Start of RECORDS PROVIDED

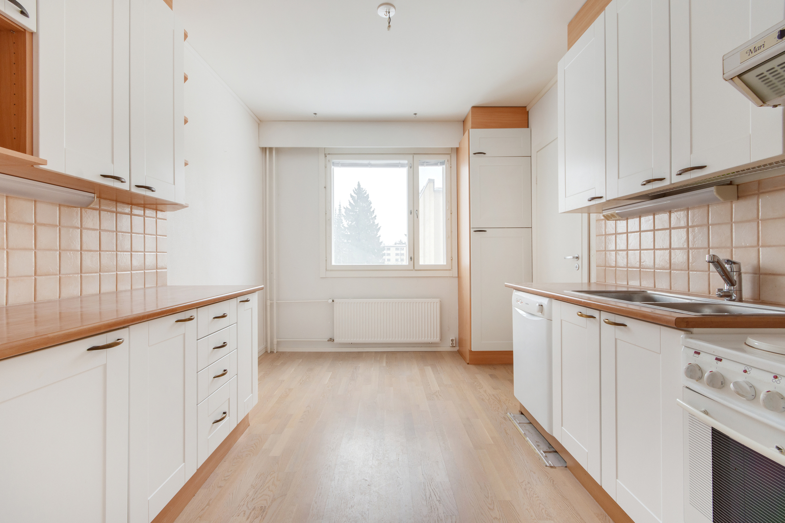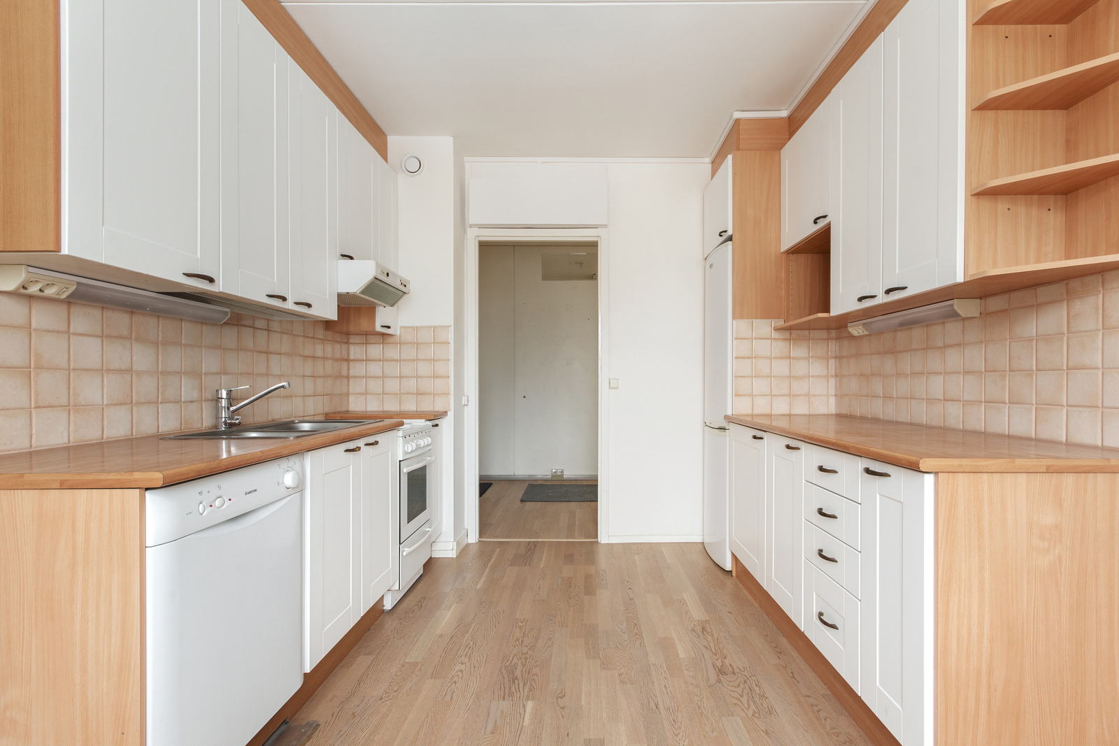 | Keittiön kuvaus | Liesi (sähköliesi), työtasot (laminaatti), seinät (laatta ja lasikuitutapetti), lattiat (parketti), astianpesukone, liesi, jääkaappipakastin ja liesituuletin |
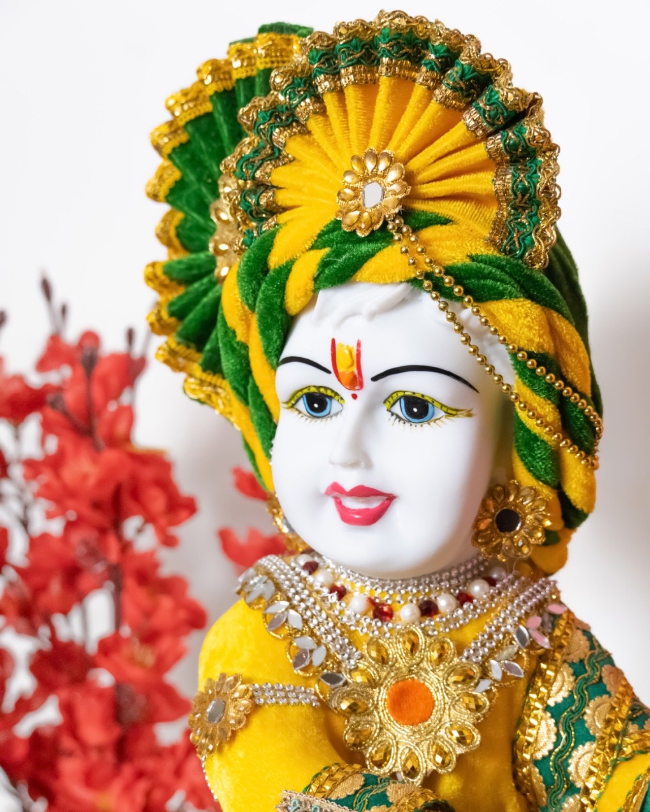 Lord Krishna seated on a tree stump while playing the flute. The tree stump base adds a natural touch, enhancing the storytelling aspect of this artistic piece.
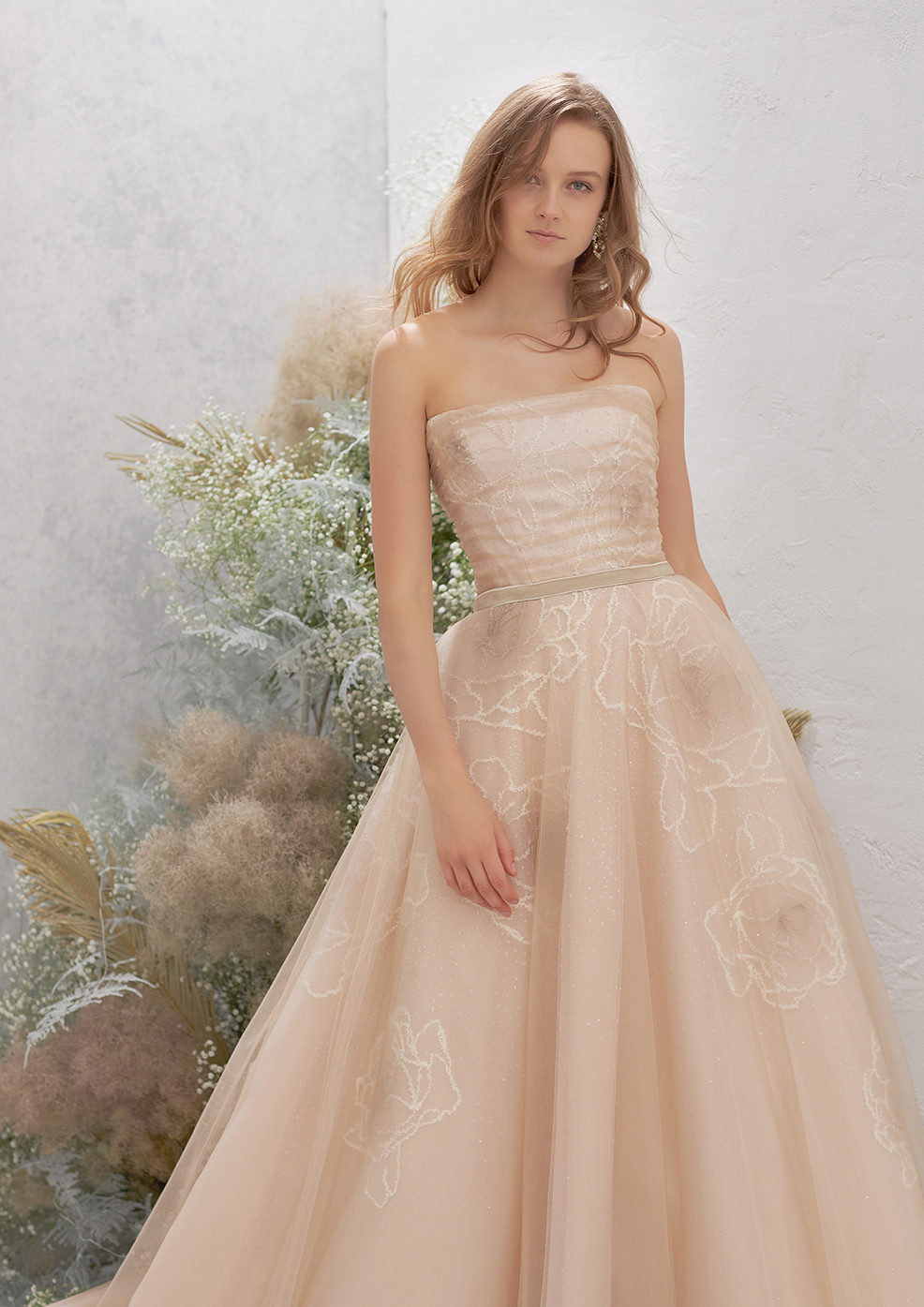 大人のニュアンスカラーで仕上げたピンクベージュのドレス。シックな色合いにグリッターの輝きを添え、シャクヤクをイメージしたコード刺繍の縁取りに吹き付け加工で色付けをしたオリジナルモチーフが特徴です。縁取りのコード刺繍が程よい存在感と抜け感を作り出し、ふんわりとお花が浮かび上がるような印象を残します。
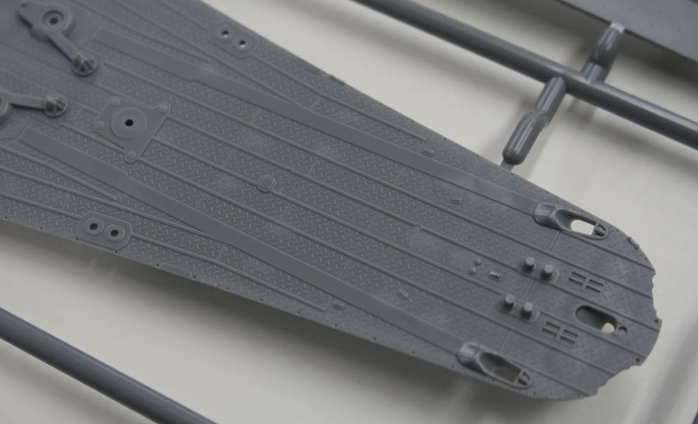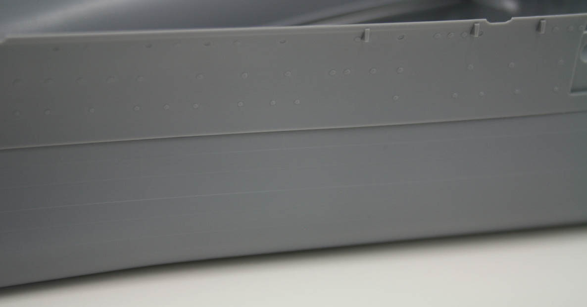 Starting with the hull. Many modelers have been clamoring for hull detail in way of the plating formed by the different strakes of steel. Various companies have tried and for the most part have come up lacking. Tamiya takes another crack at it with this release, presenting actual raised strakes instead of the simple engraved lines their Akagi used.
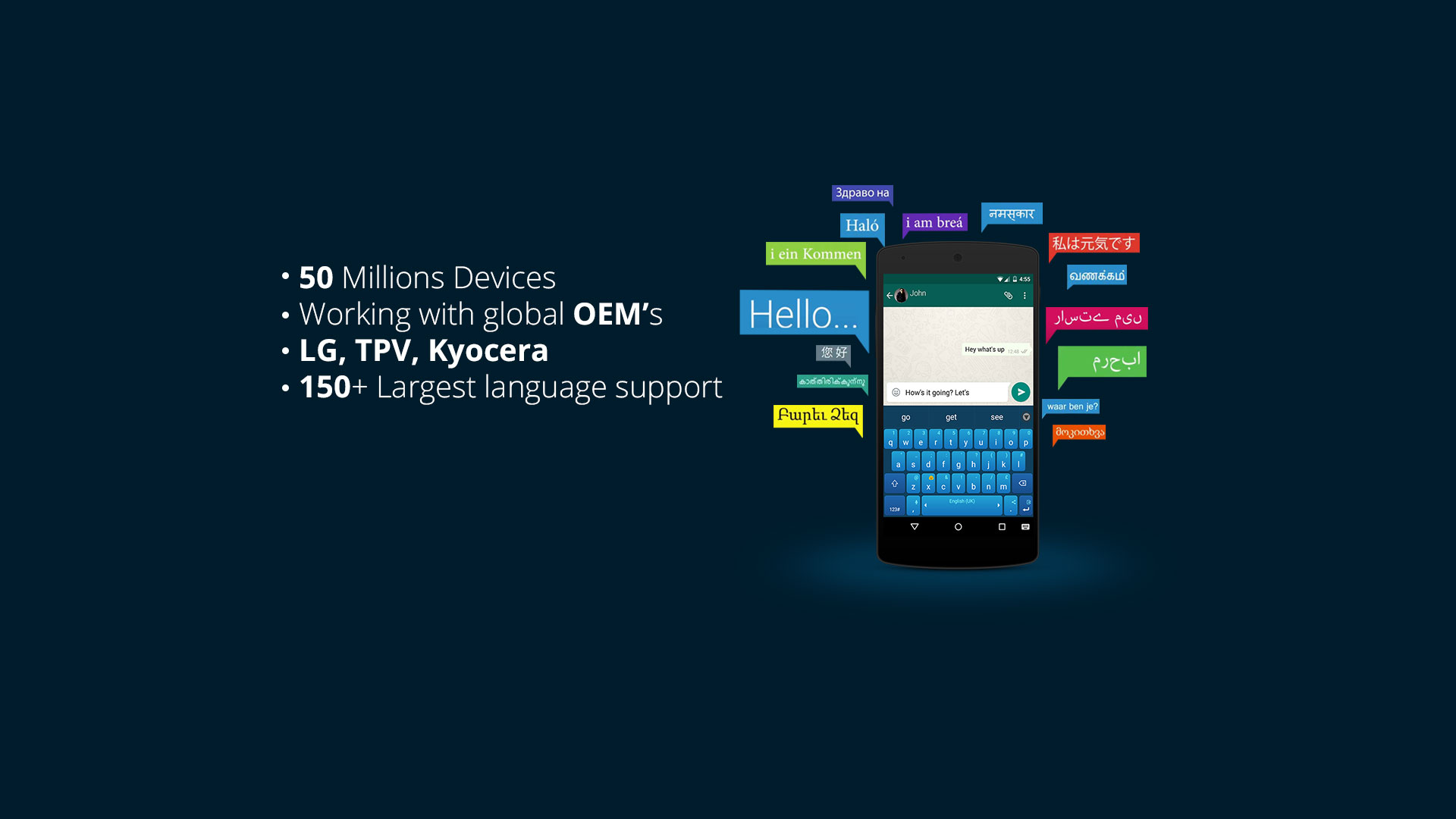 We love our 50 Million users who use Adaptxt for their daily text entry needs on their smartphones and enjoy some of the unique features that the product offers such as 12 key support, global language coverage, language specific layout, contextual prediction quality to name a few. We are the pioneers in forging strategic partnerships with device manufacturers and OEMs to provide the mobile device users a unique experience powered by the latest innovations in Natural Language Processing (NLP), Artificial Intelligence (AI) and Intent Analysis.

End of RECORDS PROVIDED

TASK REQUIREMENTS. Return every record above exactly as written, but drop the pictures.

EXPECTED ANSWER.
 | Keittiön kuvaus | Liesi (sähköliesi), työtasot (laminaatti), seinät (laatta ja lasikuitutapetti), lattiat (parketti), astianpesukone, liesi, jääkaappipakastin ja liesituuletin |
 Lord Krishna seated on a tree stump while playing the flute. The tree stump base adds a natural touch, enhancing the storytelling aspect of this artistic piece.
 大人のニュアンスカラーで仕上げたピンクベージュのドレス。シックな色合いにグリッターの輝きを添え、シャクヤクをイメージしたコード刺繍の縁取りに吹き付け加工で色付けをしたオリジナルモチーフが特徴です。縁取りのコード刺繍が程よい存在感と抜け感を作り出し、ふんわりとお花が浮かび上がるような印象を残します。
 Starting with the hull. Many modelers have been clamoring for hull detail in way of the plating formed by the different strakes of steel. Various companies have tried and for the most part have come up lacking. Tamiya takes another crack at it with this release, presenting actual raised strakes instead of the simple engraved lines their Akagi used.
 We love our 50 Million users who use Adaptxt for their daily text entry needs on their smartphones and enjoy some of the unique features that the product offers such as 12 key support, global language coverage, language specific layout, contextual prediction quality to name a few. We are the pioneers in forging strategic partnerships with device manufacturers and OEMs to provide the mobile device users a unique experience powered by the latest innovations in Natural Language Processing (NLP), Artificial Intelligence (AI) and Intent Analysis.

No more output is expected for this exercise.